The Harvard Independent is a weekly newspaper produced by undergraduate students at Harvard University. It is one of the media outlets on the Harvard undergraduate campus. It is the oldest weekly newspaper in Cambridge, Massachusetts.

Origin and history
The Independent was founded in 1969 by students and alumni who felt the campus needed an alternative to The Harvard Crimson. The Crimson at the time reflected the left-wing turn of student organizations throughout the nation in the 1960s, and the founders of the Independent felt politically alienated from Crimson editors.

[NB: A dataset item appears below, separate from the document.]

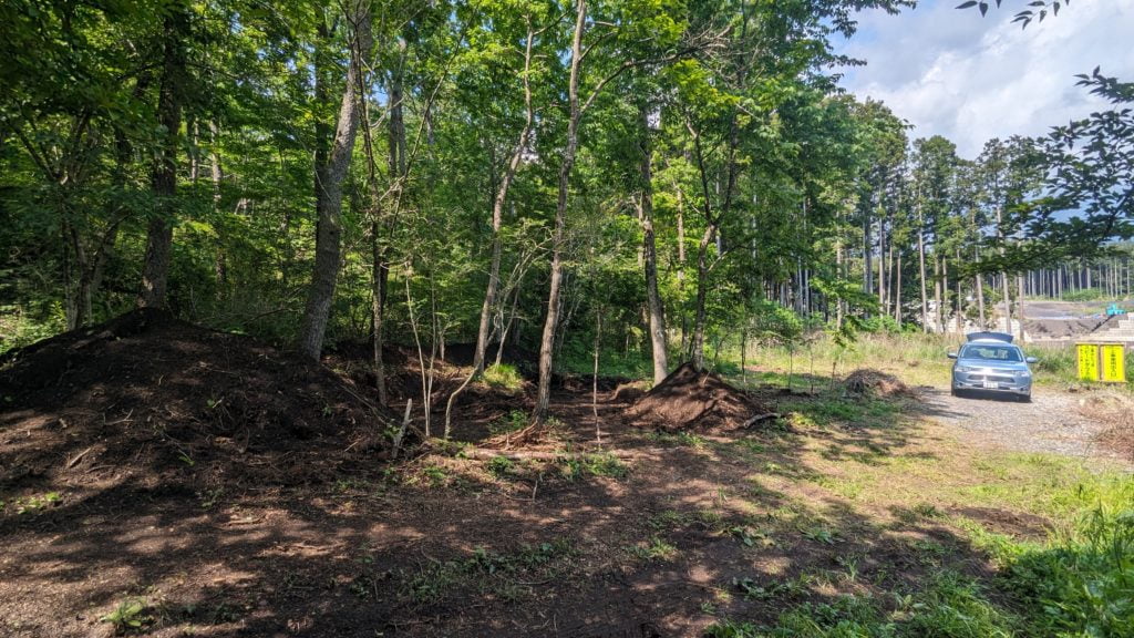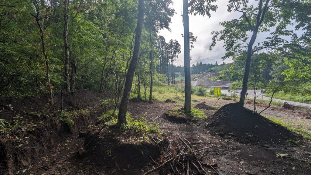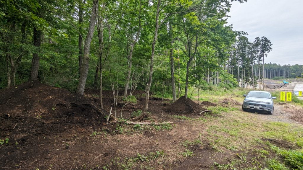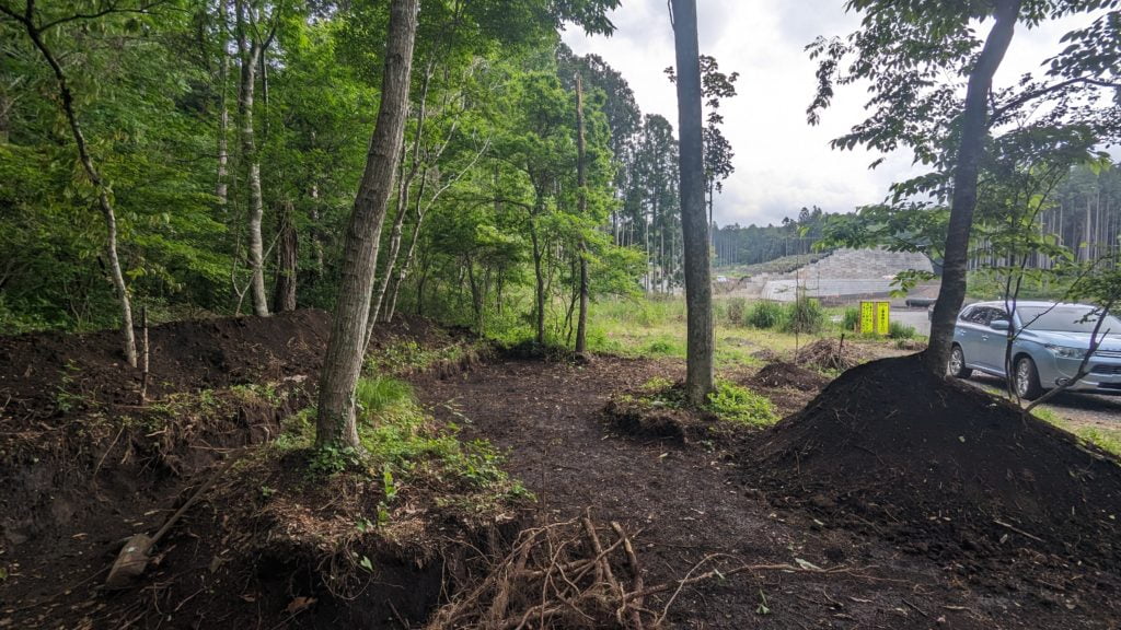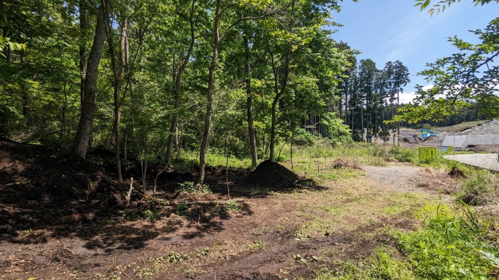 ドッグランと駐車場の場所を変更したのでそれに合わせて大きめ(10m~20m)な枯れ木と役所に登録されていない小さな木を伐根&伐採、使えそうな木々を植え替え、土地の整地をしています。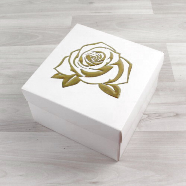 Коробка Атлас, белый, с рельефным тиснением "Роза" золотом

As the decades passed, the weekly newspaper, released every Thursday and distributed both on the Internet and to Harvard College student dormitories, the format morphed to that of an alternative weekly rather than a standard newspaper, with illustrated covers and four main sections: News, Sports, Arts, and the Forum (Op-Ed) section. In addition, the Independent also has several themed issues each year, including the annual The Game issue for the Harvard-Yale game, the literary issue, and the Sex Issue, featuring the results of a campus-wide anonymous survey on sexual practices and opinions at Harvard.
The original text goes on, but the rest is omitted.